Good Samaritan Laws


Definition/Introduction

The premise underlying the Good Samaritan law traces its origin to the ancient biblical parable, ultimately yielding the definition of a good Samaritan as an individual who intervenes to assist another individual without a prior notion of responsibility or promise of compensation.[1] Good Samaritan laws have their basis in the idea that consensus agreement favors good public policy to limit liability for those who voluntarily perform care and rescue in emergencies. It is well known that medical emergencies outside of the umbrella medical setting or clinical environment are common.[2]  Thus, in theory, and principle, we are improved as a society if the potential rescuers (ie, the Good Samaritans) are solely concerned about helping a person in need as opposed to worrying about the possible liability associated with assisting their fellow man or woman. 

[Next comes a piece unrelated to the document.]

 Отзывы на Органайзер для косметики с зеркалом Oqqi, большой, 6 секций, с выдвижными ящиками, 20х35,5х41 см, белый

The general principle of most versions of the Good Samaritan law protects from negligence claims for those who provide care without expectation of payment. These laws also further public policy because few jurisdictions have created an affirmative duty for a medical professional to provide care in the absence of an established patient relationship. Each state has its version(s) of the law, and federal laws also exist for individual circumstances.

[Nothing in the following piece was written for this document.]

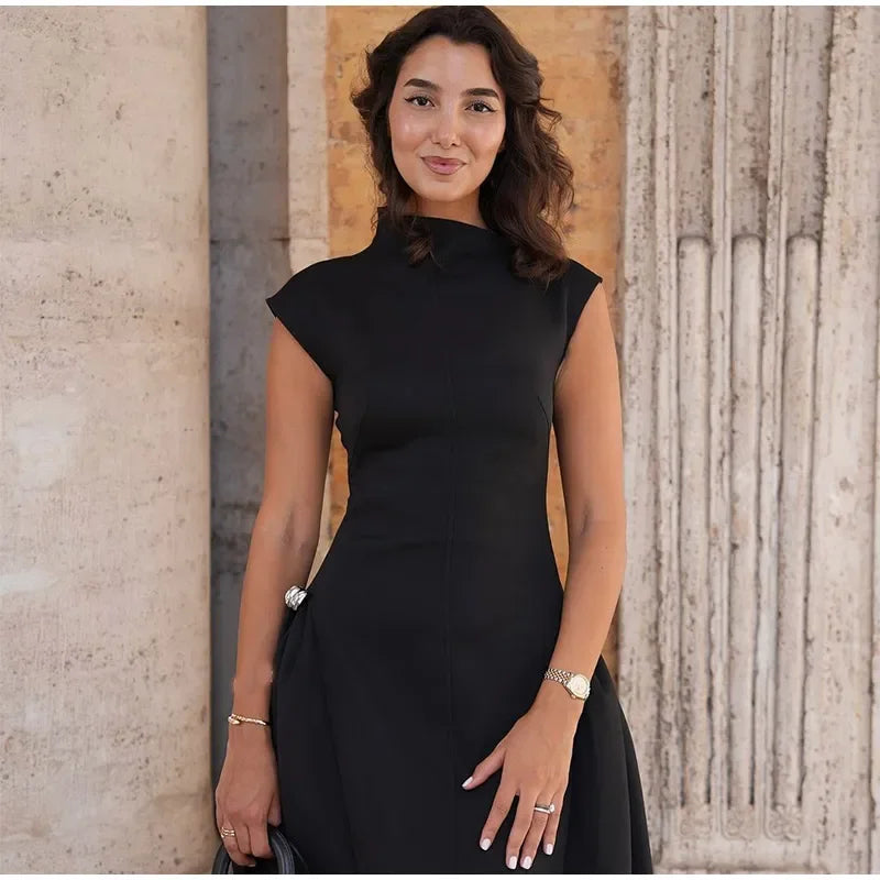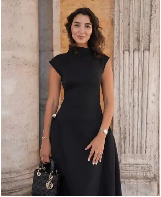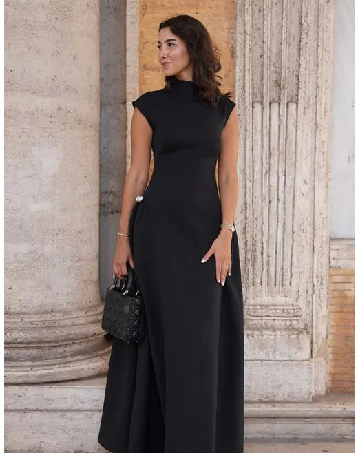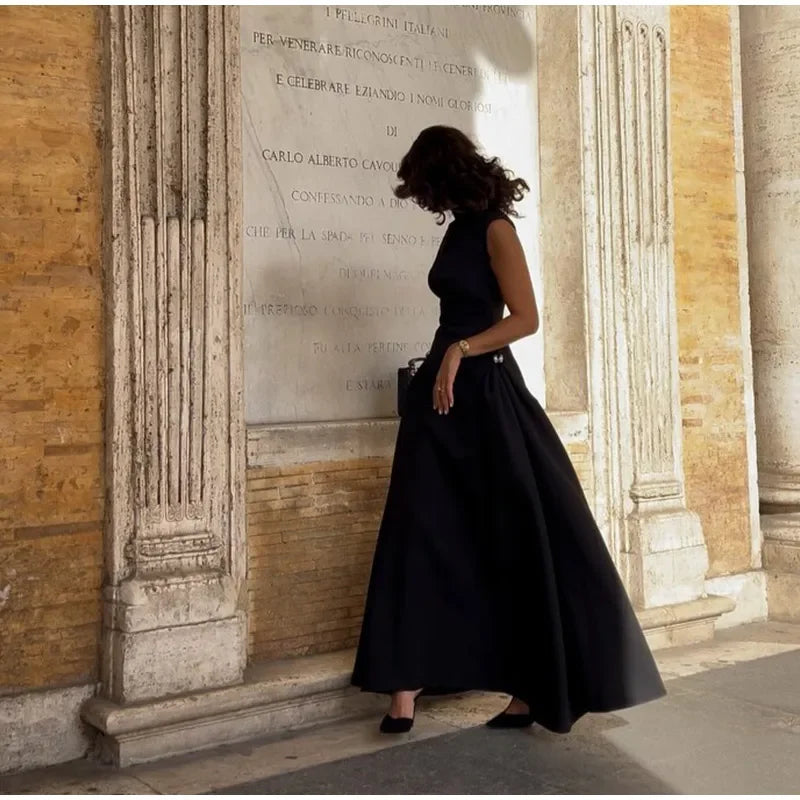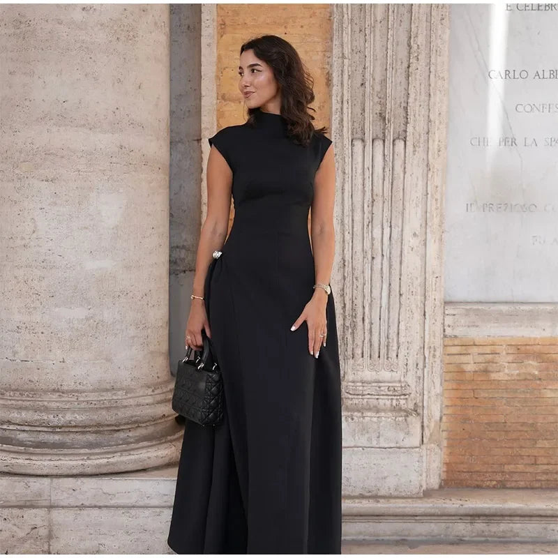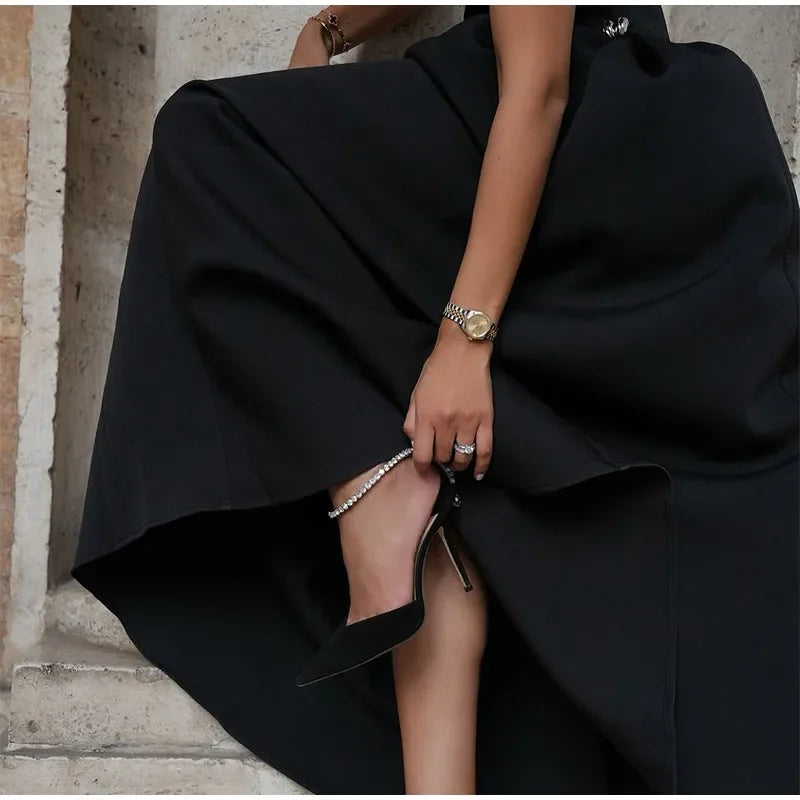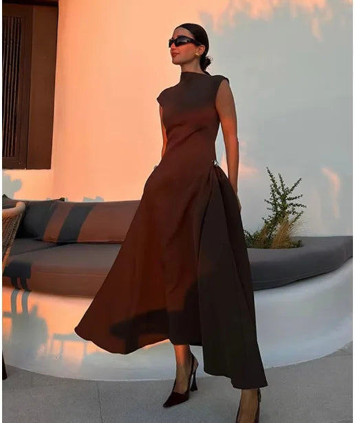 Elegant Diagonal Neck Metal Long Brown Dress

It is worth noting that other countries besides the United States (US) have differing laws, opinions, and regulations regarding the Good Samaritan scenarios. Most have no legal obligation to treat. Many Western countries recognize the moral duty to stop and render treatment rather than a legal requirement.[3] In the US, all 50 states have Good Samaritan laws. Provisions of these laws have minor variations from state to state.[2] The tort system in the US is unique; therefore, the concept of liability differs from country to country.[4]

In legal terms, a Good Samaritan is anyone who renders aid in an emergency to an injured or ill person. Generally, if the victim is unconscious or unresponsive, a Good Samaritan can help them on the grounds of implied consent. If the person is conscious and reasonably responds, a would-be rescuer should ask permission first. 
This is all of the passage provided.